**TASK PROMPT**
A faithful copy of the data is the goal; set it down exactly, without the images.

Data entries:
· · · · ·

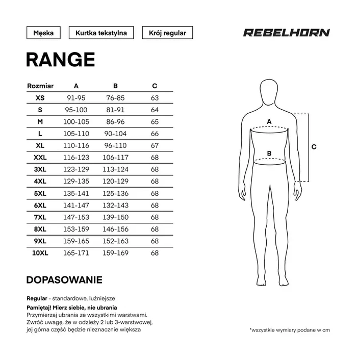 | Rozmiar | Obwód klatki piersiowej (cm) | Obwód w talii (cm) | Długość rękawa (cm) |
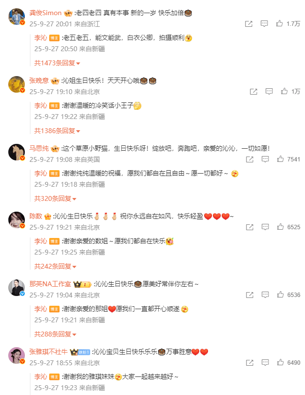 马思纯留言送祝福:“这个草原小野猫,生日快乐呀!绽放吧,奔跑吧,亲爱的沁沁,一切如愿!”
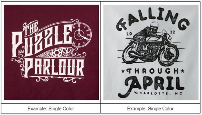 The application of a single ink color to a garment is "single color printing." Also known as one-color printing, it’s ideal for simple designs and is among the most affordable color options.
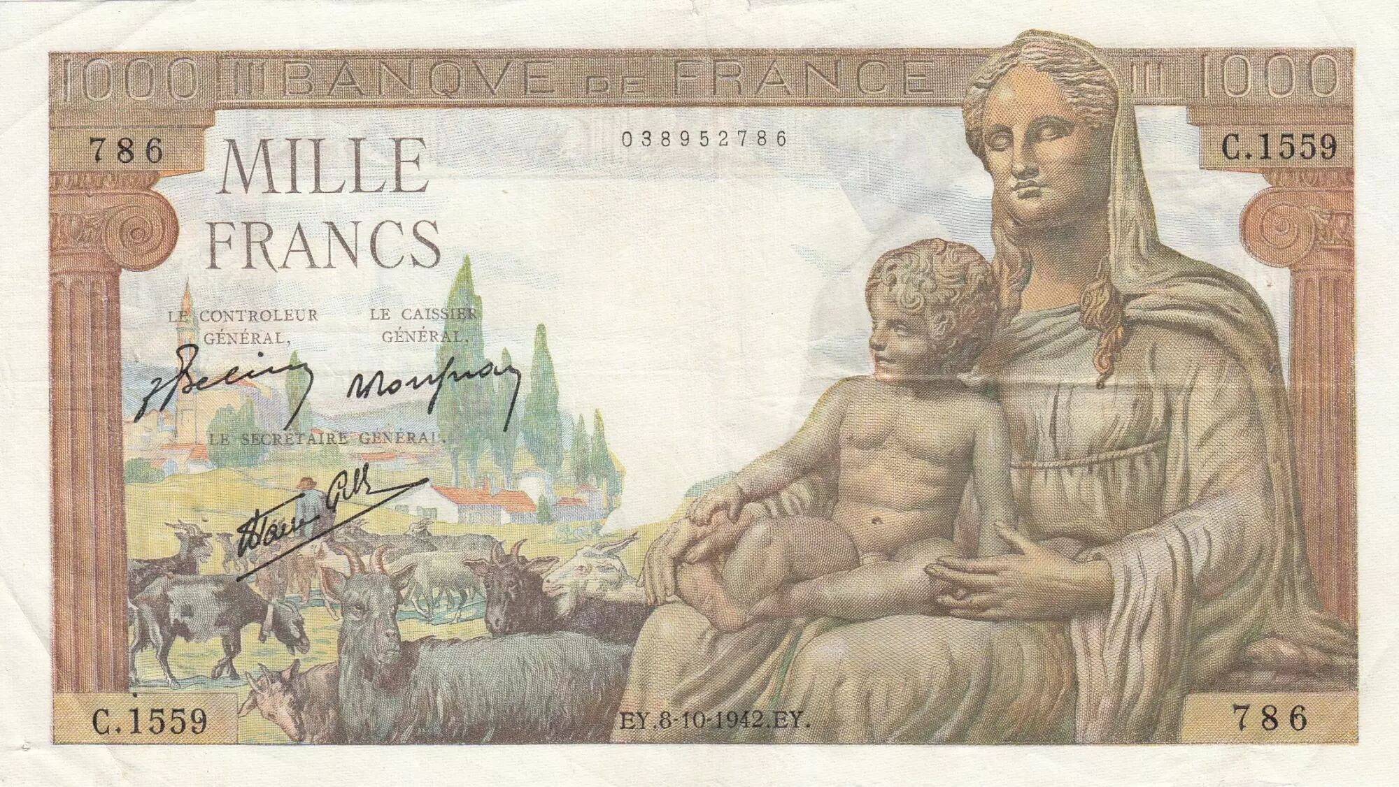Home > > France 1000 Francs Demeter - 08-10-1942 Serial C.1559 - VF
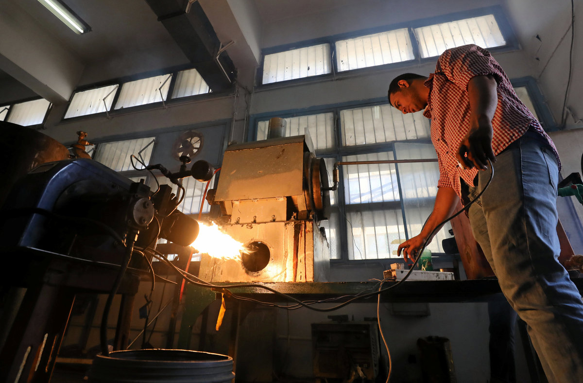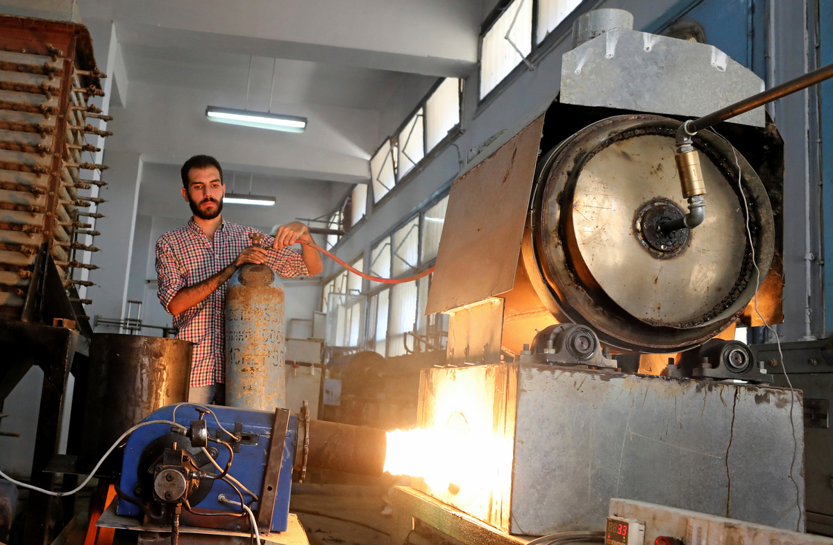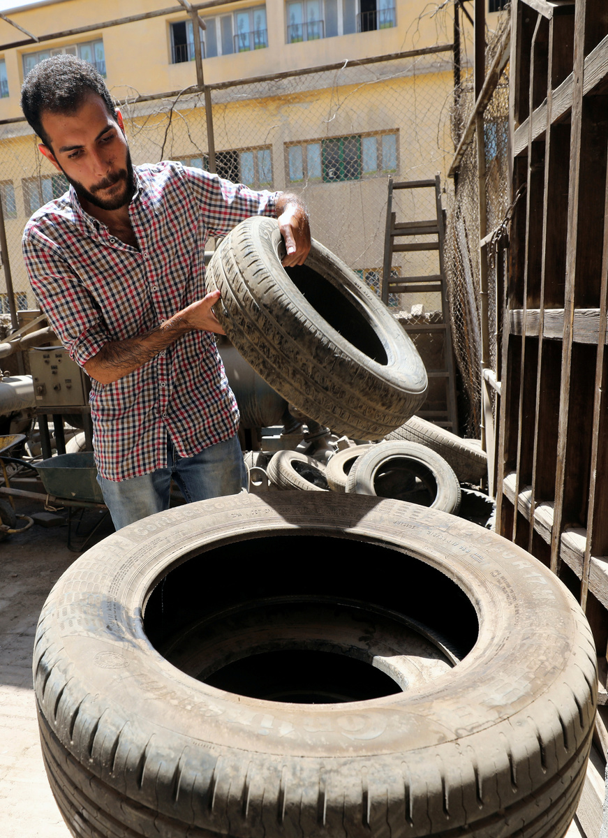 Engineering students, Mostafa Saeed Ali and Mohamed Amr cut up car tires in Cairo, Egypt August 23, 2017. REUTERS/Mohamed Abd El Ghany
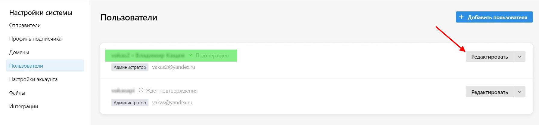 8 Напротив подтвержденного пользователя нажмите на «Редактировать»
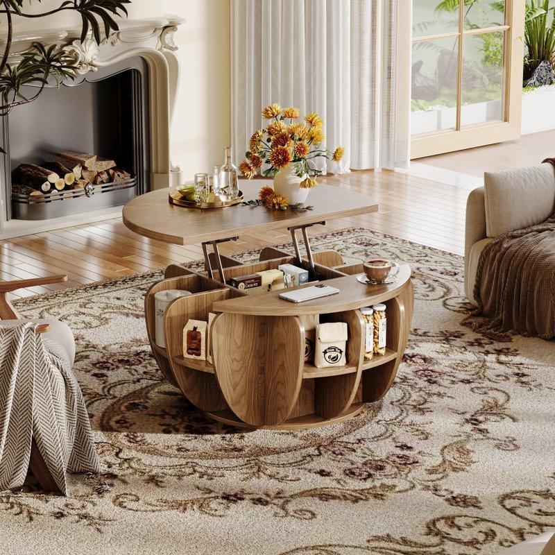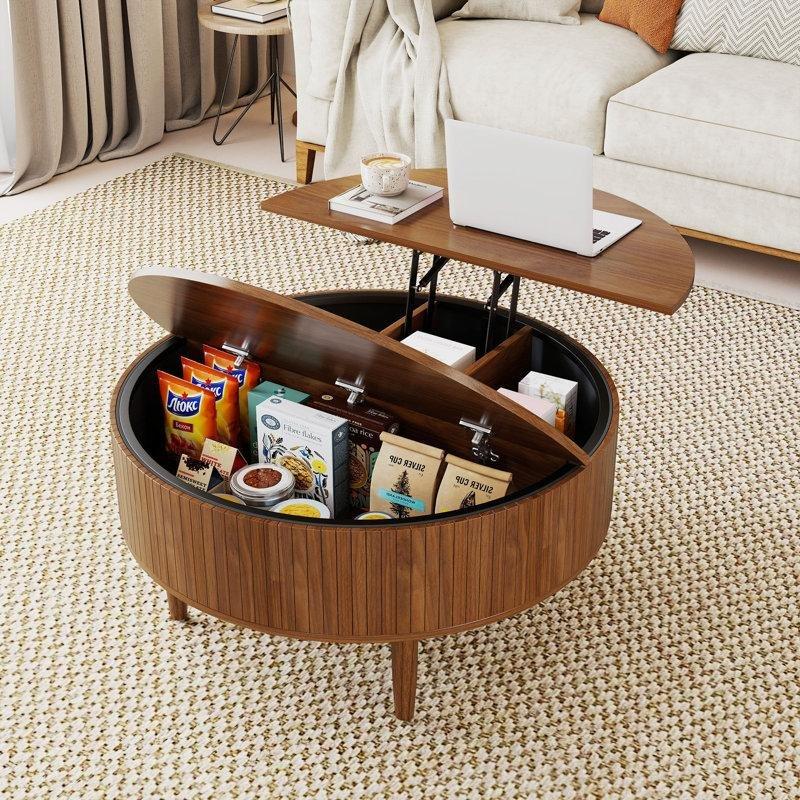 Bu yuvarlak akıllı sehpa, modern bir tasarıma sahiptir ve yaşam alanınızda çağdaş bir hava oluşturur. Ahşap ve gold tondaki metal ayaklarıyla, siyah beyaz veya kahverengi altın renk kombinasyonlarıyla kullanılabilir. Temiz hatları ve basit tasarımıyla her iç mekan stiline kolayca uyum sağlar.
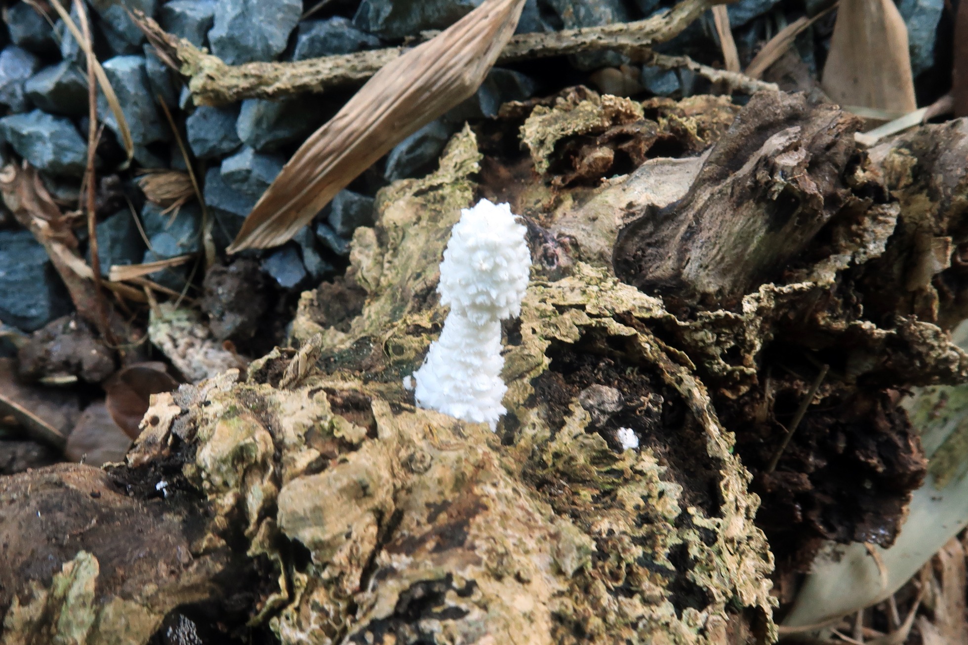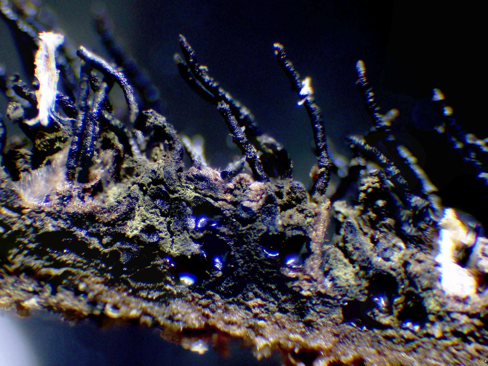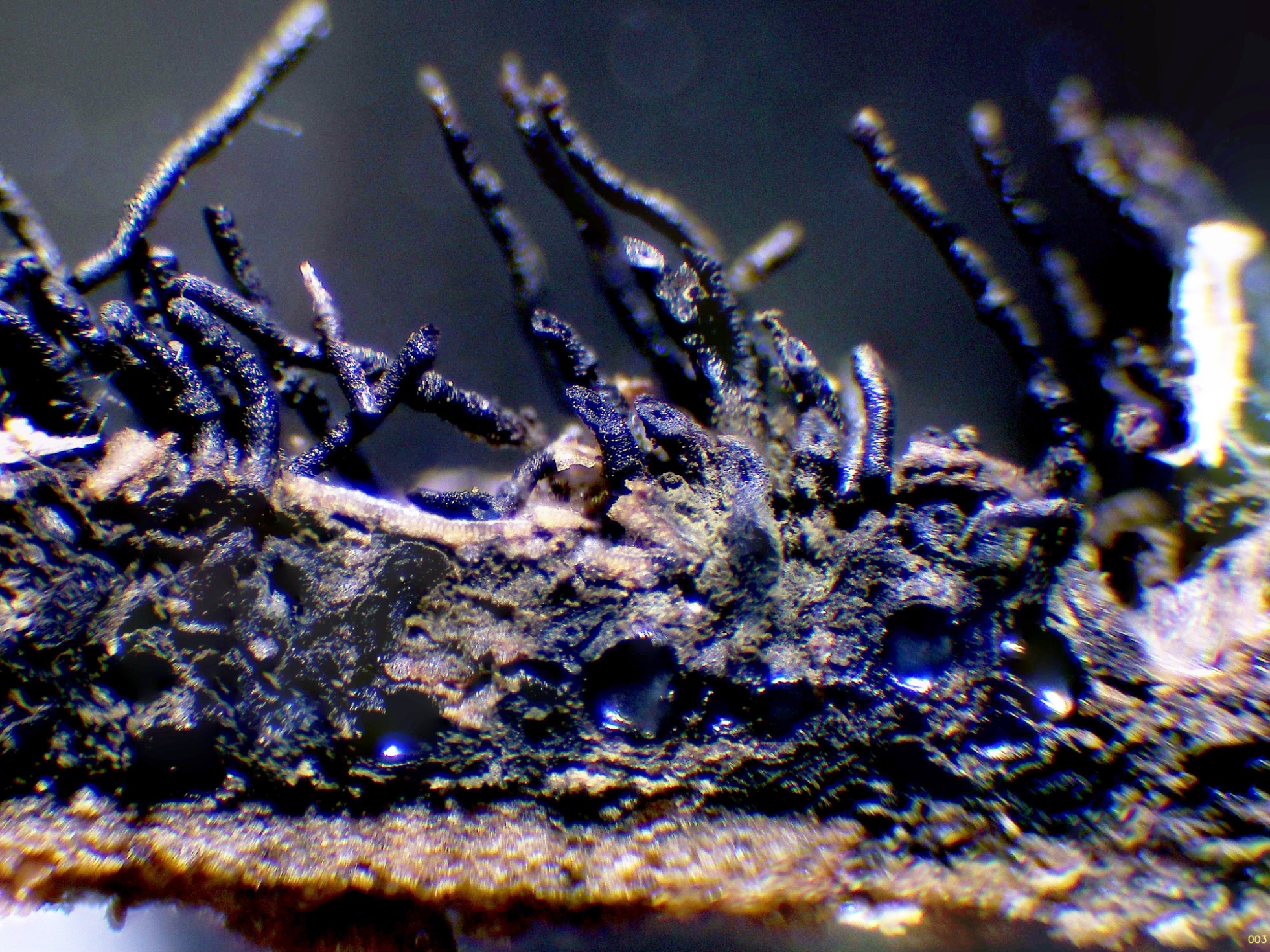 Un ascomiceto presente en todos los continentes, brotando de manera masiva y abundante sobre la superficie de una caña de bambú en descomposición del suelo, la Peroneutypa scoparia.
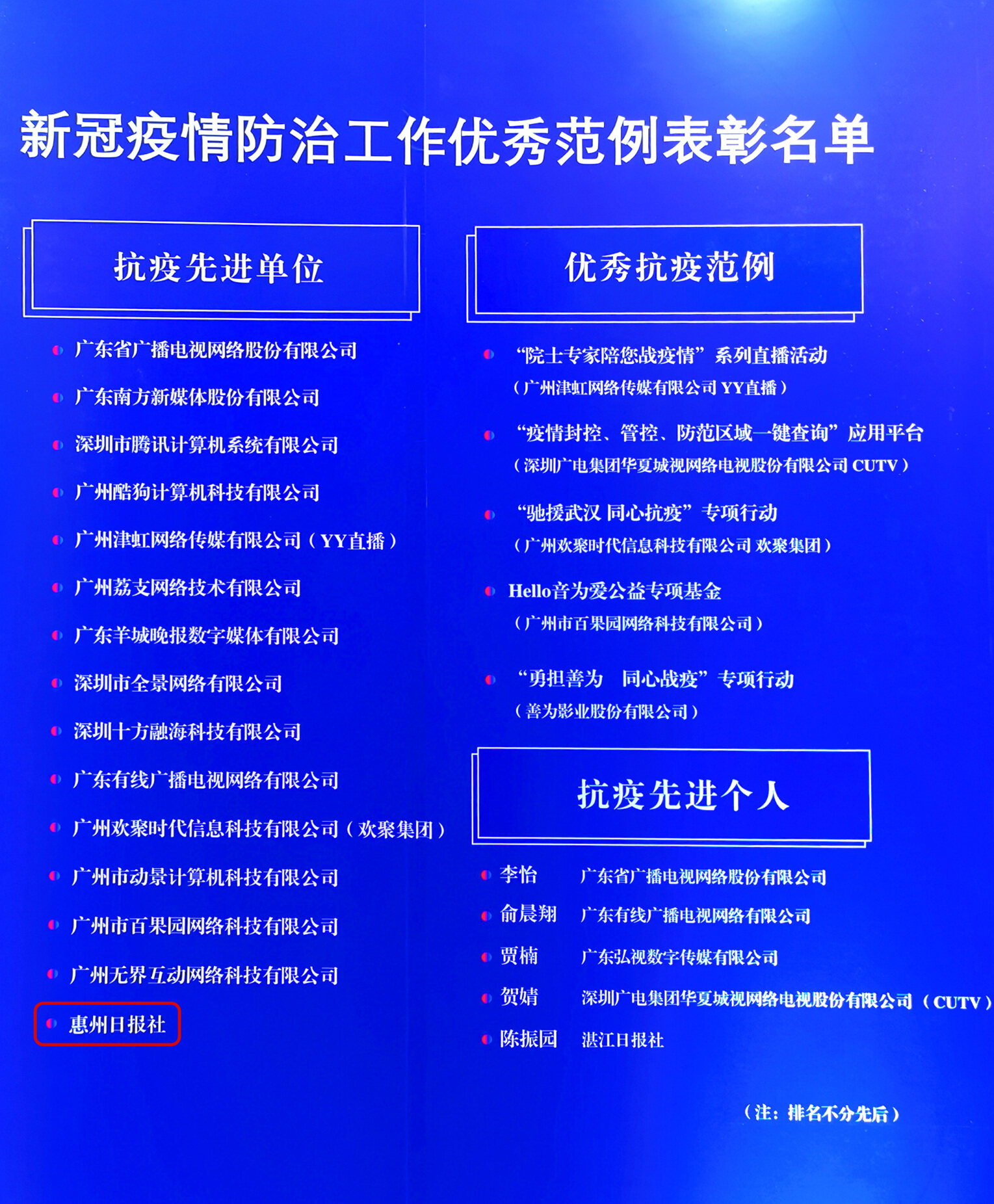 惠州日報社獲評為“抗疫先進(jìn)單位”
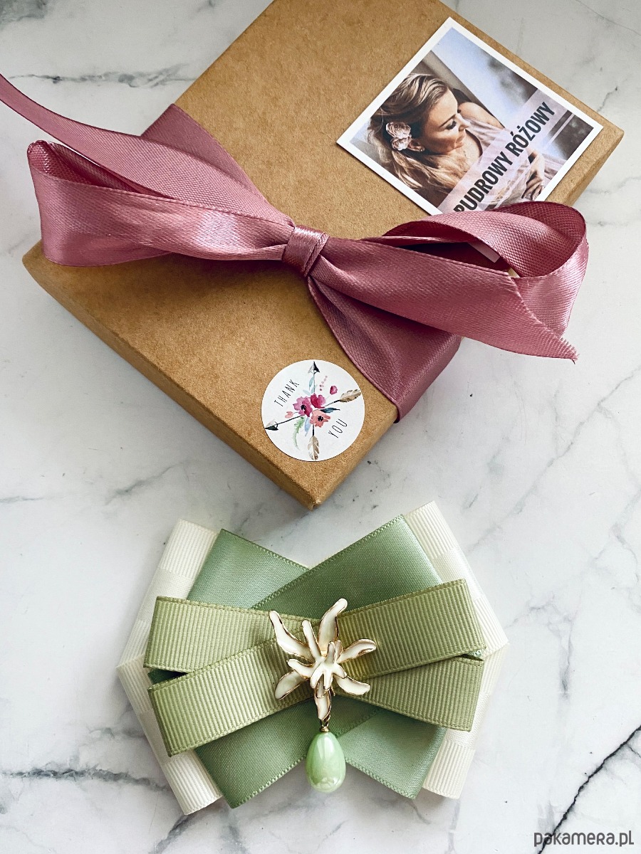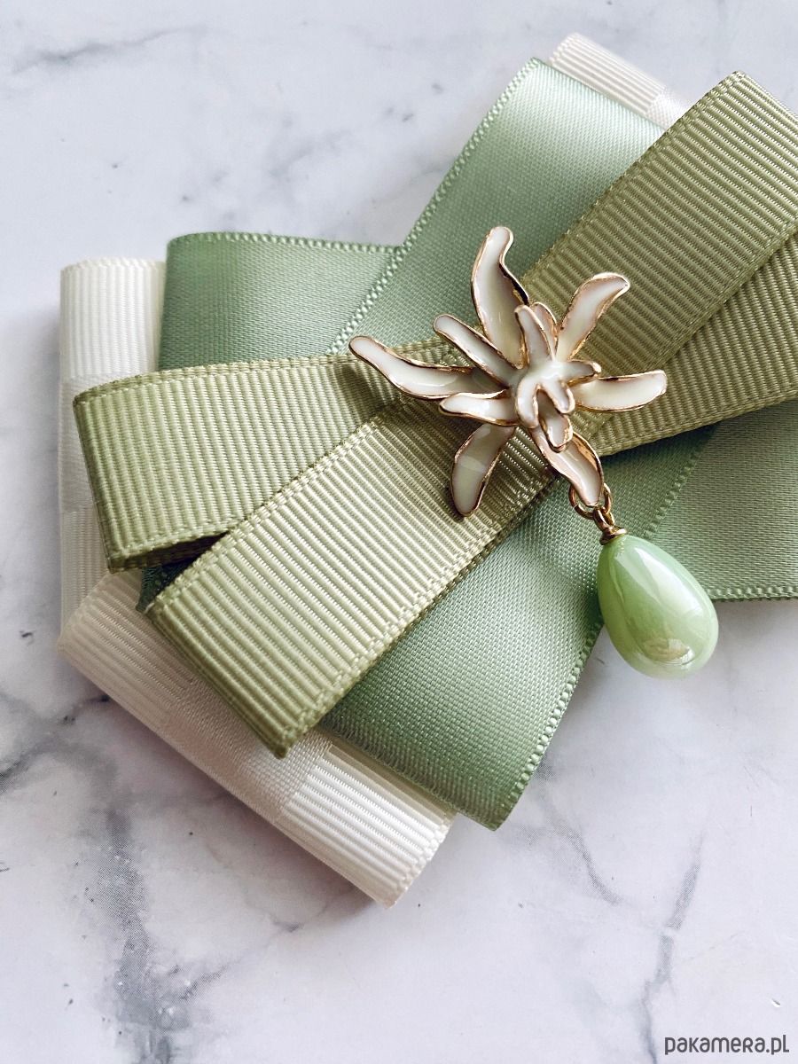 Broszka wykonana z wysokiej jakości taśm i dodatków.

· · · · ·

**RESPONSE AREA**
 | Rozmiar | Obwód klatki piersiowej (cm) | Obwód w talii (cm) | Długość rękawa (cm) |
 马思纯留言送祝福:“这个草原小野猫,生日快乐呀!绽放吧,奔跑吧,亲爱的沁沁,一切如愿!”
 The application of a single ink color to a garment is "single color printing." Also known as one-color printing, it’s ideal for simple designs and is among the most affordable color options.
Home > > France 1000 Francs Demeter - 08-10-1942 Serial C.1559 - VF
 Engineering students, Mostafa Saeed Ali and Mohamed Amr cut up car tires in Cairo, Egypt August 23, 2017. REUTERS/Mohamed Abd El Ghany
 8 Напротив подтвержденного пользователя нажмите на «Редактировать»
 Bu yuvarlak akıllı sehpa, modern bir tasarıma sahiptir ve yaşam alanınızda çağdaş bir hava oluşturur. Ahşap ve gold tondaki metal ayaklarıyla, siyah beyaz veya kahverengi altın renk kombinasyonlarıyla kullanılabilir. Temiz hatları ve basit tasarımıyla her iç mekan stiline kolayca uyum sağlar.
 Un ascomiceto presente en todos los continentes, brotando de manera masiva y abundante sobre la superficie de una caña de bambú en descomposición del suelo, la Peroneutypa scoparia.
 惠州日報社獲評為“抗疫先進(jìn)單位”
 Broszka wykonana z wysokiej jakości taśm i dodatków.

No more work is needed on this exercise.